Automation and Labor Market Institutions

The optional reading will be for extra credit. But! To earn extra credit, it will require more than just summarizing what you read. It is required that you apply what you have learned so far in the class to understand how automation will affect labor markets across the globe. I will be looking for more than just “Oh this author says this…” or “It is interesting what the author says…”. Now you are asked to be more critical. Based on what you have read in the past weeks and what we have discussed in lecture, how do see the author’s assessment in the context of global inequality and globalized labor. Simply put, to earn the full extra credit it will require you to be more critical about the impact of automated labor on our global society.

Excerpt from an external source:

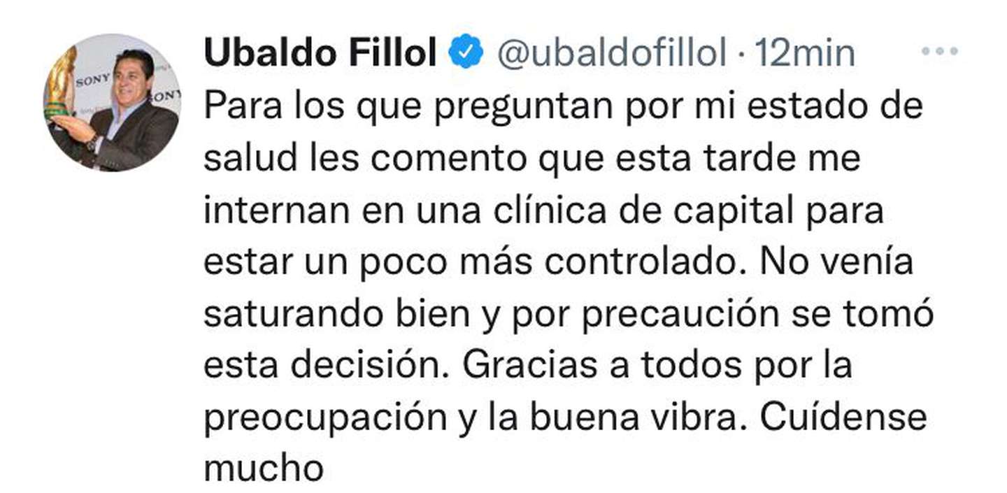 El propio exjugador comunicó -en su cuenta de twitter- el traslado a un centro médico: “Para los que preguntan por mi estado de salud les comento que esta tarde me internan en una clínica de Capital para estar un poco más controlado. No venía saturando bien y por precaución se tomó esta decisión. Gracias a todos por la preocupación y la buena vibra. Cuídense mucho”.
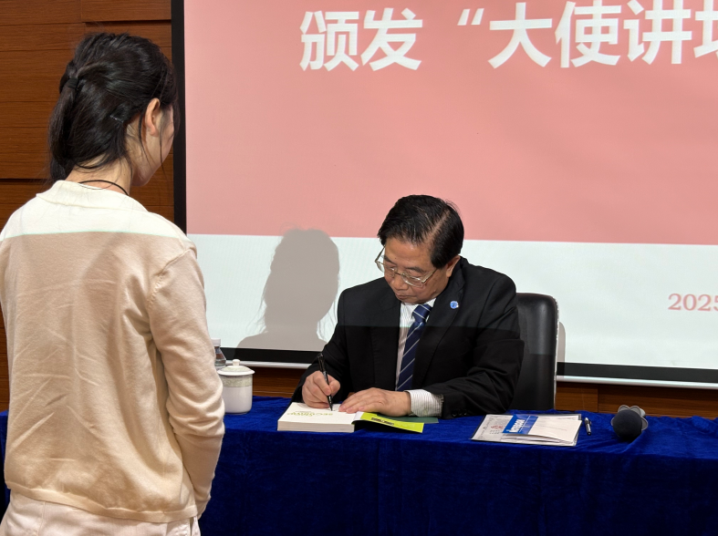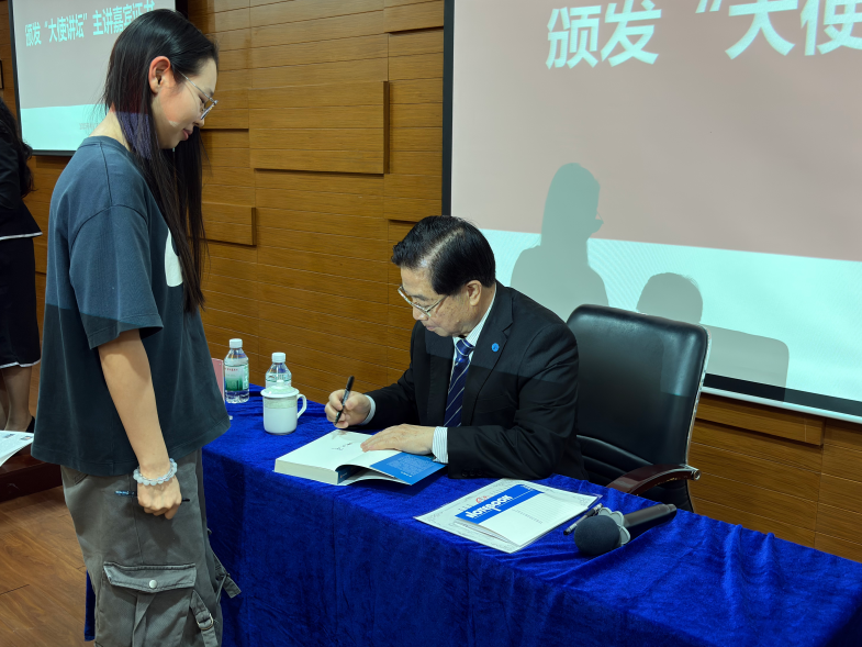 国际学院回雁雁院长在总结中表示,非常感谢何昌垂院士在百忙中抽时间给大学生分享在联合国的工作经历,何院士是一位杰出的科学家、经验丰富的外交家,还是致力于培养国际胜任力的专家,他的几本专著希望同学们能够认真研读,通过阅读和听讲座,有效拓展国际视野,激发创新思考。国际学院从2023年开始就注重营造多元文化氛围和参与中国联合国协会的各项重要活动,但也清晰地认识到在外交事务和国际问题方面,大学生们近距离接触外交官的机会还是很少,“大使讲坛”为大家提供了一个很好的平台和机会,希望同学们多参与,学习这些杰出外交官的丰富经历,拓宽视野,提升能力,开拓人生的新局面。

The effect of automation and artificial intelligence (AI) on future employment is a subject of substantial interest. There are some disagreements about future net employment effects of these technologies, but most researchers broadly agree that nearly all occupations will eventually be affected. Less is known, however, about the interaction between automation and key labor market institutions—policies and organizations that shape the operation of labor markets—and how these institutions might possibly evolve in the face of continued adoption of the newest technology. For example, is the current structure of unemployment insurance programs sufficient for a world with increased job-to-job transitions? What role will private-sector unions play? Or, considering current conversations among presidential candidates, is a universal basic income (UBI) program the best approach to deal with the wage and employment consequences of technological progress? Understanding how such features interact with technological change will have important implications for shaping labor market policies.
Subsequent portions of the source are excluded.